I'm trying to wrap my head around the most efficient way to deal with arrays of indeterminate size as outputs of RS kernels. I would send the index of the last relevant array slot in the out allocation, but I learned in the answer to my previous question, there's not a good way to pass a global back to java after kernel execution. I've decided to "zoom out" the process again which lead me to the pattern below.
For example let's say we have an input allocation containing a struct (or structs) that that contains two arrays of polar coordinates; something like set_pair from bellow:
typedef struct polar_tag{
uint8_t angle;
uint32_t mag;
} polar;
typedef struct polar_set_tag{
uint8_t filled_slots;
polar coordinates[60];
} polar_set;
typedef struct set_pair_tag{
polar_set probe_set;
polar_set candidate_set;
} set_pair;
We want to find similar coordinate pairs between the sets so we set up a kernel to decide which (if any) of the polar coordinates are similar.
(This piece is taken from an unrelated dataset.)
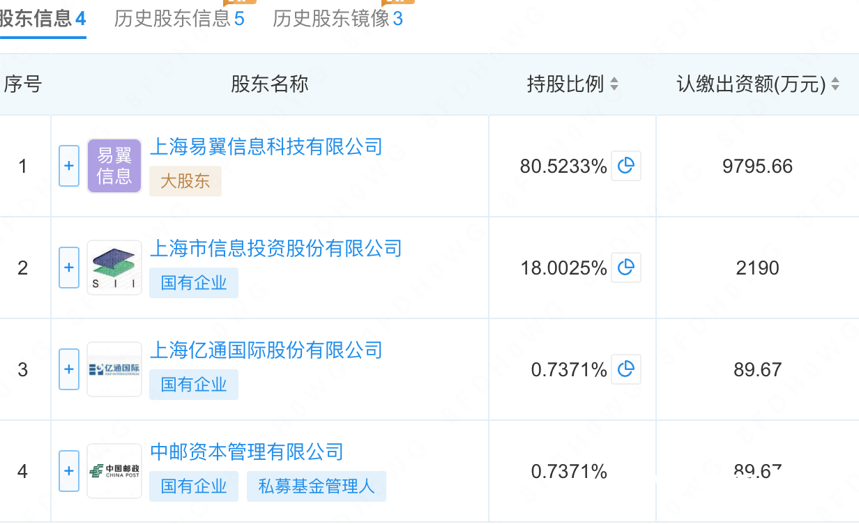 企查查信息显示,上海付费通原有七名股东。其中,本次变更的易翼信息、上海市信息投资分别为其第一大股东和第二大股东,前者股权增加30.508%,后者股权减少23.866%,剩余转让的6.642%股权分别来自天翼电子商务、银联商务以及上海水务。

If they're similar we load it into an output allocation that looks something like "matching_set":
typedef struct matching_pair_tag{
uint8_t probe_index;
uint8_t candidate_index;
} matching_pair;
typedef struct matching_set_tag{
matching_pair pairs[120];
uint8_t filled_slots;
} matching_set;
Is creating allocations with instructions like "filled_slots" the most efficient (or only) way to handle this sort of indeterminate I/O with RS or is there a better way?
I think the way I would try to approach this is to do a two pass.
For the 0-2 case:
Setup: for each coordinate, allocate an array to hold the max expected number of pairs (2).
Pass 1: run over coords, look for pairs by comparing the current item to a subset of other coords. Choose subset to avoid duplicate answers when the kernel runs on the other coord being compared.
Pass 2: Merge the results from #1 back into a list or whatever other data structure you want. Could run as an invokable if the number of coordinates is small.
For the 0-N case:
This gets a lot harder. I'd likely do something similar to what's above but with the per-coord array sized for a typical number of pairs. For the (hopefully small) number of overflows, use atomics to reserve a slot in an overflow buffer. The catch here is I think most GPU drivers would not be very happy with the atomics today. Would run very well on the CPU ref.
There are a lot of ways to go about this. One important decision point revolves around how expensive the comparison is to find the points vs the cost of writing the result.